Minister Zaharieva: We Have Reduced the Number of Children in Institutions by 90%
"Bulgaria has reduced the number of children in institutions by 90 percent, and we plan to permanently close all homes for children with disabilities and for children from 4 to 7 years old," said Deputy Prime Minister and Foreign Minister Ekaterina Zaharieva, who opened an event on the deinstitutionalization of child care in New York, BGNES reported.
The meeting with activists from around the world on "Transforming child care: Delivering on the 2030 Agenda for Development," is organized as a side event at the 74th session of the UN General Assembly.
The event is hosted by Bulgaria, Jordan, the European Commission and the Lumos non-governmental organization founded by writer J.K. Rowling, author of Harry Potter books.

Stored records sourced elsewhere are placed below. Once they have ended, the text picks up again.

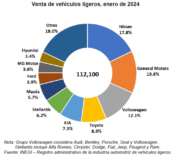 En enero de 2024 la venta de vehículos ligeros nuevos fue de 112,100 unidades, 18.7% mayor al número de unidades comercializadas en enero de 2023.
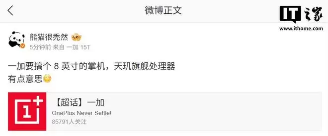 IT之家 4 月 7 日消息,在手机市场竞争激烈、内存大涨价的背景下,博主 @熊猫很禿然 今日爆料称:一加要搞个 8 英寸的掌机,天玑旗舰处理器。
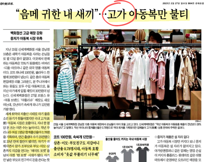 - 반면, 모든 조건을 물리치고 태어난 하나뿐인 아이에게 할아버지, 할머니, 이모, 삼촌 등등 모든 돈이 집중됩니다. 그렇게 되니 고가 아동복 매장은 호황을 이룬다고 합니다.
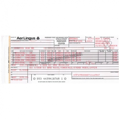 Air Ticket, Aer Lingus, Bristol - Dublin - Cork, Serial No 418769
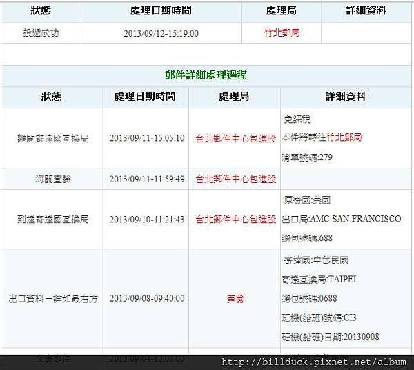 因為包裹到台灣之後,是郵局幫忙轉寄的,所以也可以在中華郵政查包裹進度喔,其實還滿清楚的呢~
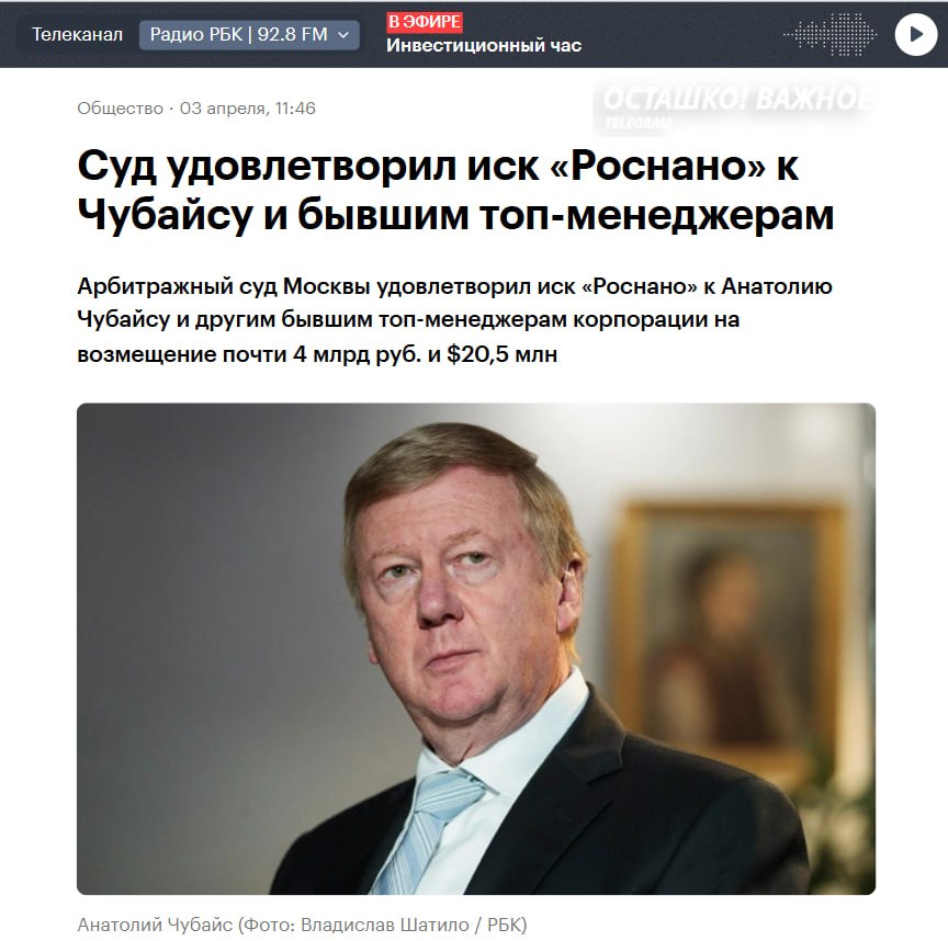 Приговор по гражданскому иску уже вынесен, но разбирательства вокруг бывшего руководства «Роснано» продолжаются. Ранее стало известно, что бумажные долги топ-менеджеров «Роснано» обошлись бюджету в 43 млрд. Сам Чубайс в конце февраля объявил себя оппозиционером и потребовал от Канады снять санкции.
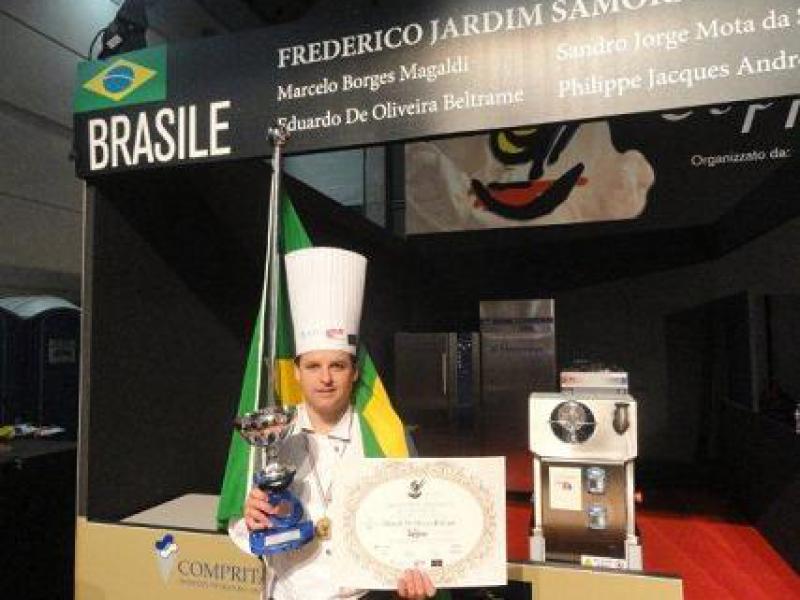 Na equipe que representava o Brasil estavam Frederico Samora, chef gelatiere e vice-presidente da Associação Brasileira dos Confeiteiros e Sorveteiros (Abraces); Philippe Soffieti, chefe confeiteiro; Sandro Mota, chef de cozinha; e Marcelo Magaldi e Eduardo Beltrame, mestres confeiteiros. Beltrame é professor voluntário do Centro de Capacitação Solidária, do Fundo Social de Solidariedade da cidade de Itatiba.

“Bulgaria relies on two principles in the reform of children at risk: all actions of the state should be directed solely in the interests of the child, not of parents, guardians or social services, and, secondly, the child itself should participate in the decision-making process for his future, ”, Minister Zaharieva said.
"The first step is always the most difficult, but today we can confidently say that by 2025 Bulgaria will have to impose complete deinstitutionalization in child care," the first Bulgarian diplomat said. She called on the participants in the event to have an honest and frank debate.

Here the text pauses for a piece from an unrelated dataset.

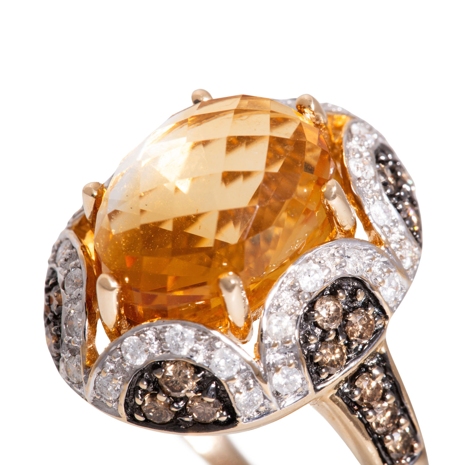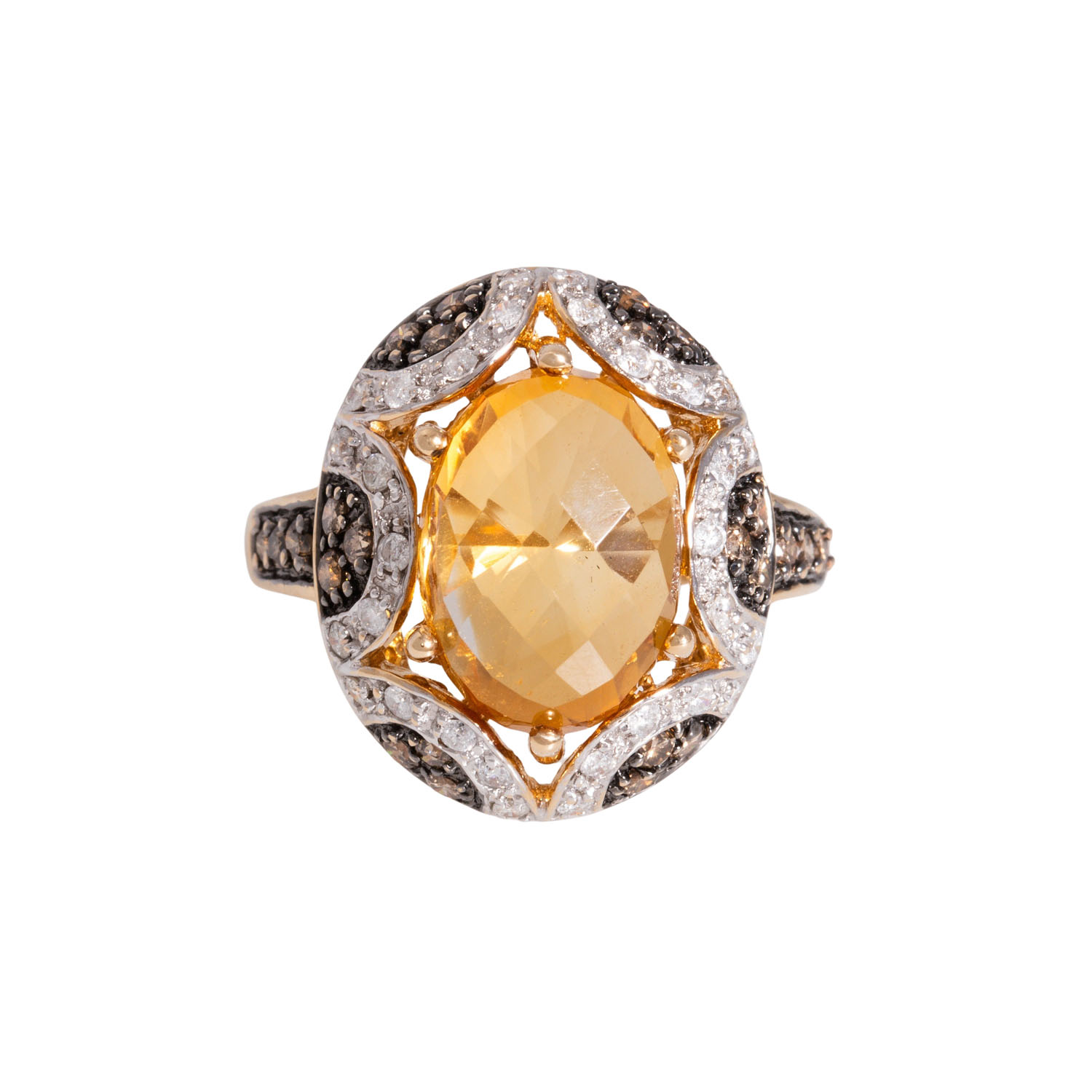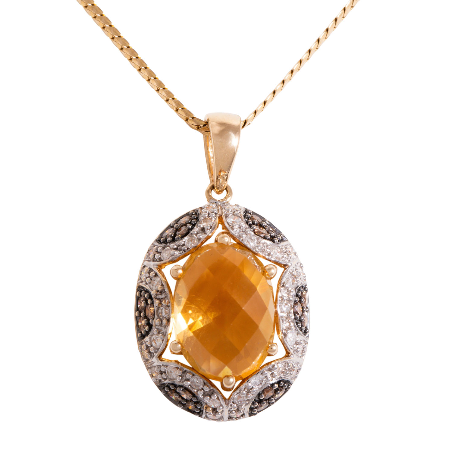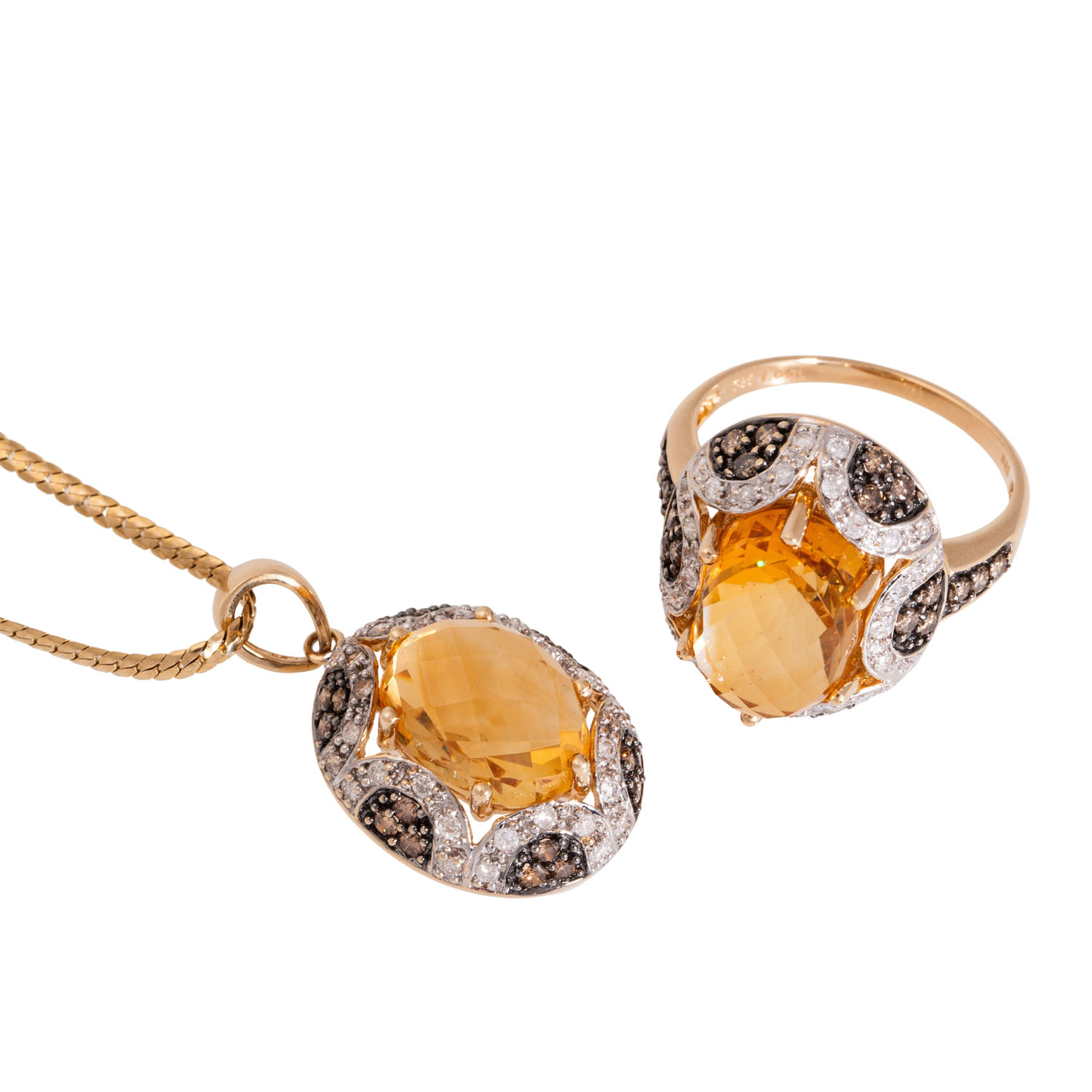 Set ring and pendant with citrines and brilliant-cut diamonds totalling ca. 1.9 ct, engraved 1.04 ct (ring) and 0.91 ct (pendant), low colour and clarity, 14K yellow gold, 14.4 g, ring size 62, pendant with necklace of 8K yellow gold, clasp of silver gilded, L: 46 cm, 3.5 g, 20th/21st century, necklace with signs of wear, otherwise good condition.
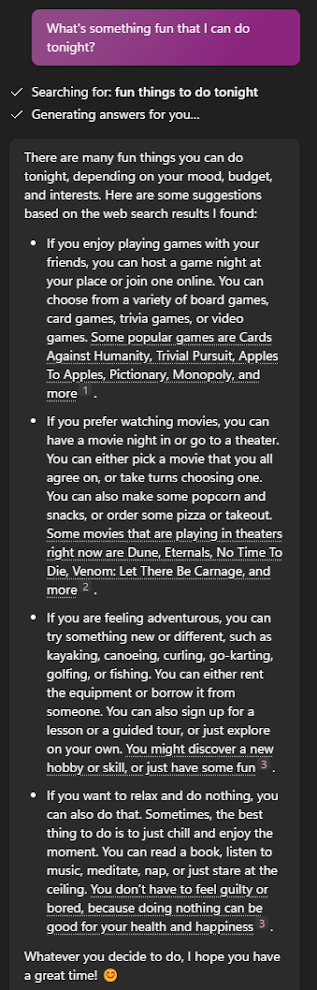 Upon launching CoPilot, users are presented with the option to type or speak requests. In my interaction, I asked, "What's something fun I can do tonight?" The response, delivered in typical AI-powered chatbot fashion, offered suggestions. However, the suggestions were movies that had been in theaters two years prior, raising questions about the timeliness and accuracy of the information.

The participants of the forum were addressed by the Bulgarian two-time Olympic gold medalist for disabled people - 19-year-old Veliko Velikov. "The children should be in families, not in orphanages," he said. He graduated from an ordinary school despite his disability, and is now a social studies student.

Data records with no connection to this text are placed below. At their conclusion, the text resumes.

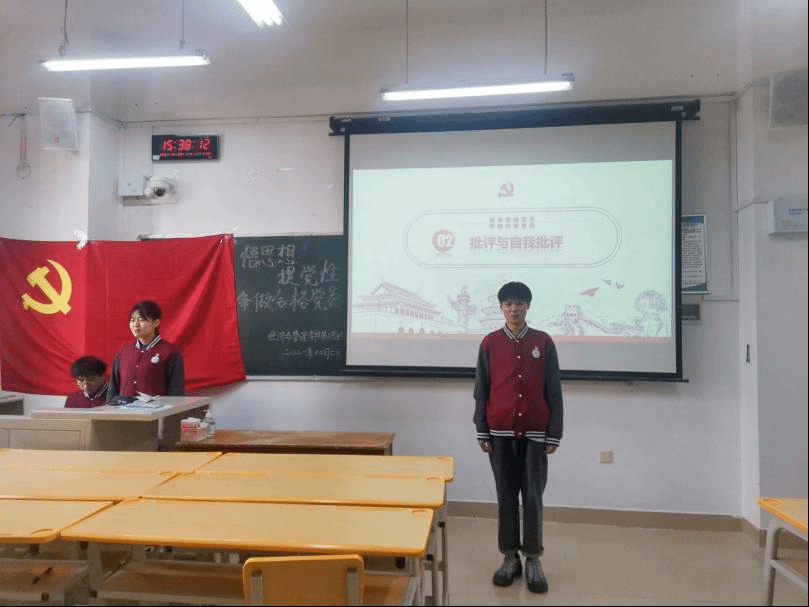 首先,主持人介绍本次活动的背景、目的及意义。随后,支部成员逐个展开批评与自我批评,结合树牢“四个意识”、坚定“四个自信”以及担当作为、日常生活、学习等方面,深刻的剖析自身的不足和存在的问题,其他党员也根据自己的日常观察和接触对其进行评价。学生党员代表李子萱和陈思文在进行自我批评时表示要不断学习应用习近平新时代中国特色社会主义思想,真学真用,摒弃形式主义,聚焦自身问题,支部问题,不断总结进步,努力用中国特色社会主义理论武装自己,争做合格党员。
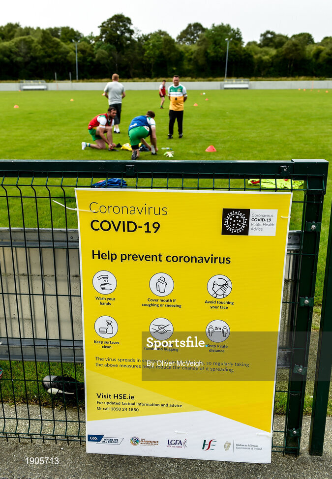 25 June 2020; A general view of a sign during a Glenswilly GAA Club training session at Glenkerragh in Donegal. Following approval from the GAA and the Irish Government, the GAA released its safe return to play protocols, allowing pitches to be opened for non contact training on 24 June and for training and challenge games to resume from 29 June. On March 25, the GAA announced the cessation of all GAA activities and closures of all GAA facilities under their jurisdiction upon directives from the Irish Government in an effort to contain the Coronavirus (COVID-19) pandemic. Photo by Oliver McVeigh/Sportsfile
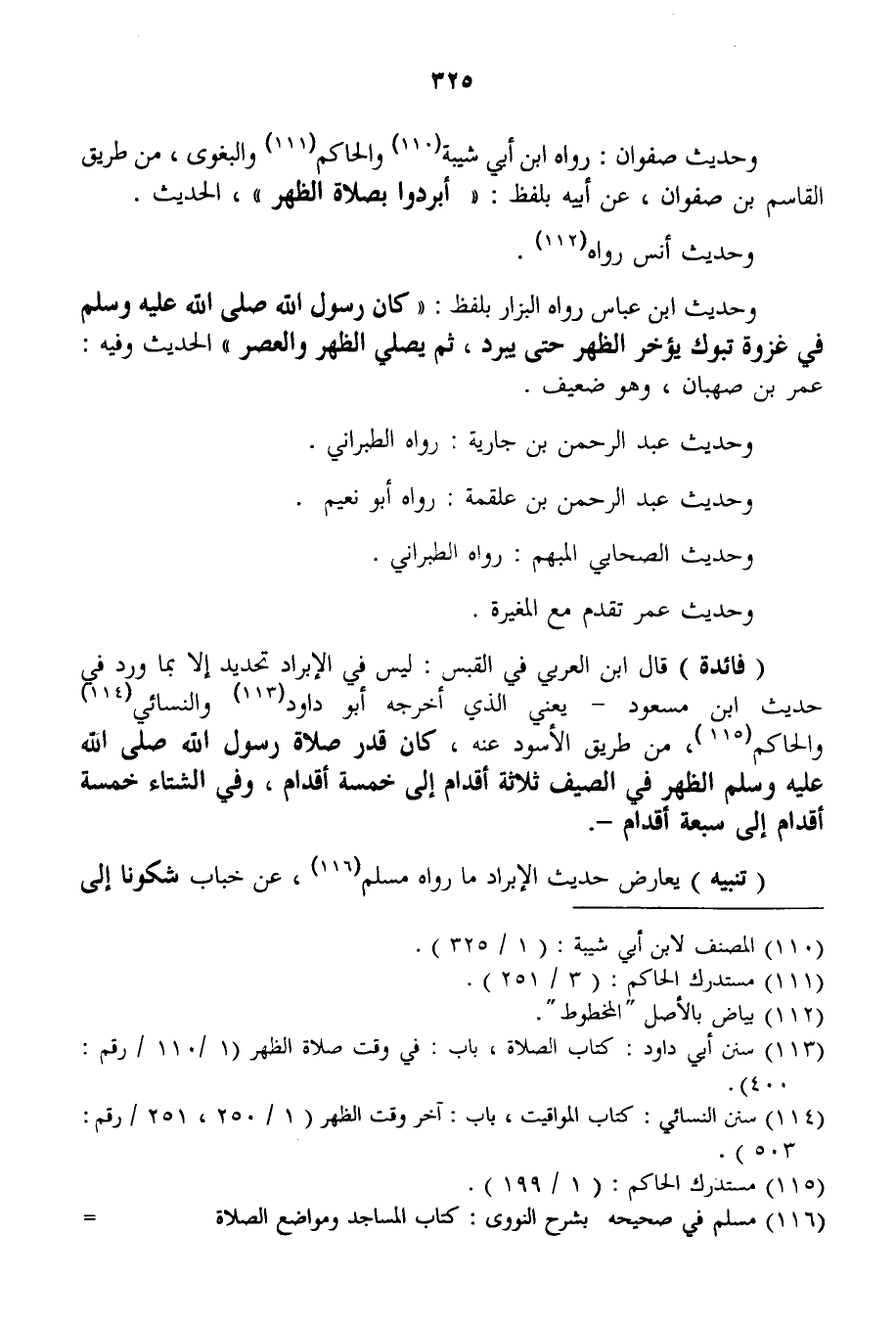 وَحَدِيثُ صَفْوَانَ: رَوَاهُ ابْنُ أَبِي شَيْبَةَ وَالْحَاكِمُ وَالْبَغَوِيُّ، مِنْ طَرِيقِ الْقَاسِمِ بْنِ صَفْوَانَ، عَنْ أَبِيهِ بِلَفْظِ: «أَبْرِدُوا بِصَلَاةِ الظُّهْرِ» ، الْحَدِيثَ. وَحَدِيثُ أَنَسٍ رَوَاهُ. وَحَدِيثُ ابْنِ عَبَّاسٍ رَوَاهُ الْبَزَّارُ بِلَفْظِ: «كَانَ رَسُولُ اللَّهِ - صَلَّى اللَّهُ عَلَيْهِ وَسَلَّمَ - فِي غَزْوَةِ تَبُوكَ يُؤَخِّرُ الظُّهْرَ حَتَّى يُبْرِدَ، ثُمَّ يُصَلِّيَ الظُّهْرَ وَالْعَصْرَ» الْحَدِيثَ وَفِيهِ: عُمَرُ بْنُ صَهْبَانَ، وَهُوَ ضَعِيفٌ. وَحَدِيثُ عَبْدِ الرَّحْمَنِ بْنِ جَارِيَةَ: رَوَاهُ الطَّبَرَانِيُّ. وَحَدِيثُ عَبْدِ الرَّحْمَنِ بْنِ عَلْقَمَةَ: رَوَاهُ أَبُو نُعَيْمٍ. وَحَدِيثُ الصَّحَابِيِّ الْمُبْهَمِ: رَوَاهُ الطَّبَرَانِيُّ. وَحَدِيثُ عُمَرَ تَقَدَّمَ مَعَ الْمُغِيرَةِ.

In September 2015, the UN adopted the 2030 Agenda for Sustainable Development, which included the measure that no child should be abandoned. Children in institutions run the risk of being raised in extreme poverty without access to education, parental care or family comfort.
The European Union, and in particular Bulgaria, supports the reform of child care, which involves moving children out of orphanages and raising them in a family or family-friendly environment. However, millions of children around the world still live in orphanages.